Он доверил небесный мир богов старшей дочери, а после захода солнца править начинал старший сын. Сусаноо-но-микото сидел без дела уже много времени, но в мире всё шло своим чередом. Возможно, Идзанаги-но-ками с самого начала ничего не ожидал от младшего сына? Он понял, что старшие дети справятся с миром сами, но не хотел оставлять третьего ребёнка совсем без работы, поэтому заставил его против воли стать королём морей. Раньше Сусаноо-но-микото гордился, что у него такой важный отец, но теперь чувствовал себя ни на что не годным отпрыском. Когда он задумывался об этом, из его голубых глаз проливались слёзы. Он стенал так громко, что деревья в ужасе облетали, ручьи пересыхали, а земля раскалывалась. Испуганные люди приносили ему жертвы, пытаясь задобрить, но бог совершенно не замечал их усилий.

— Сколько ещё ты будешь реветь, брат мой?

В один прекрасный день король ночи Цукуёми-но-микото спустился с небес и обратился к своему плачущему брату.

— Твой плач слышен даже на небесах. Твои жена и младенцы дрожат в страхе. Отчего тебе так грустно?

Волосы Цукуёми-но-микото были черны, словно ночь, а глаза светились, словно луна. Как обычно, он воплощал собой красоту.

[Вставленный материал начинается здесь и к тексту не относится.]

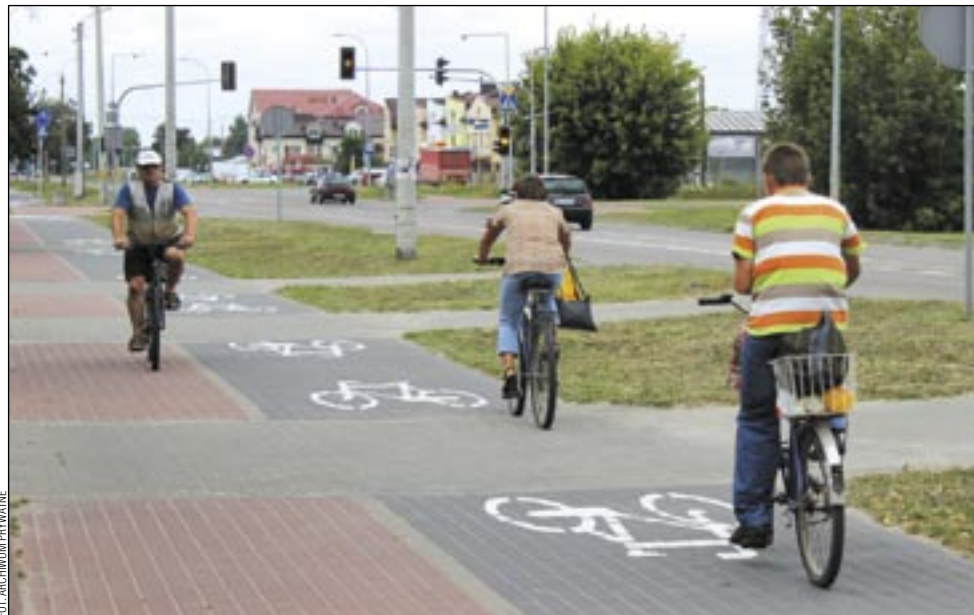
Po „koncepcji” źle się jeździ rowerem, ale daje ona nadzieję, że w niedługim czasie Sanok, wzorem innych miast, doczeka się ścieżek rowerowych.

Jeśli chodzi o przebieg, to ścieżka „Wójtostwo” ma liczyć 4.344 m. Będzie otaczała dzielnicę Wójtostwo, przebiegając w okolicach i wzdłuż odcinków ulic: Sta-

— Прости меня, брат. Я всего лишь оплакиваю свою никчёмность.

— Никчёмность?

— Я настолько бесполезен, что наш отец Идзанаги-но-ками не придумал ничего другого, кроме как сделать меня королём этой огромной лужи, — Сусаноо-но-микото вновь посмотрел на море. — Будь я достойным богом, мог бы приносить пользу миру так же, как ты и…

Сусаноо-но-микото не договорил эти слова, потому что сильный удар в спину сбросил его со скалы в море. Не успев ничего понять, он упал вниз головой, суматошно вынырнул и посмотрел на брата, который стоял на скале и весело наблюдал за ним.

— Что ты вытворяешь?!

Нетрудно было догадаться, что именно Цукуёми-но-микото сбросил его со скалы. Неужели Сусаноо-но-микото успел чем-то провиниться перед братом? Хотя старший сын Идзанаги-но-ками правил безмятежным королевством ночи, он вовсе не отличался спокойным характером. Сбросив своего брата в воду, он лишний раз подтвердил это.

— Ну как тебе, брат? Каково на вкус море, которое ты называешь лужей? — спросил Цукуёми-но-микото, пока Сусаноо-но-микото плыл к ближайшей скале, чтобы схватиться за неё.

— На вкус?

Помятый и забрызганный волнами, Сусаноо-но-микото впервые осознал, что у морской воды есть тепло и вкус.

— Чувствуешь? Это соль. Без неё не выжить ни людям, ни зверям.

— Соль…

Сусаноо-но-микото лизнул свою мокрую руку и сосредоточился на вкусе. Затем вновь окинул взглядом бескрайнее море. По голубой воде медленно бежали волны.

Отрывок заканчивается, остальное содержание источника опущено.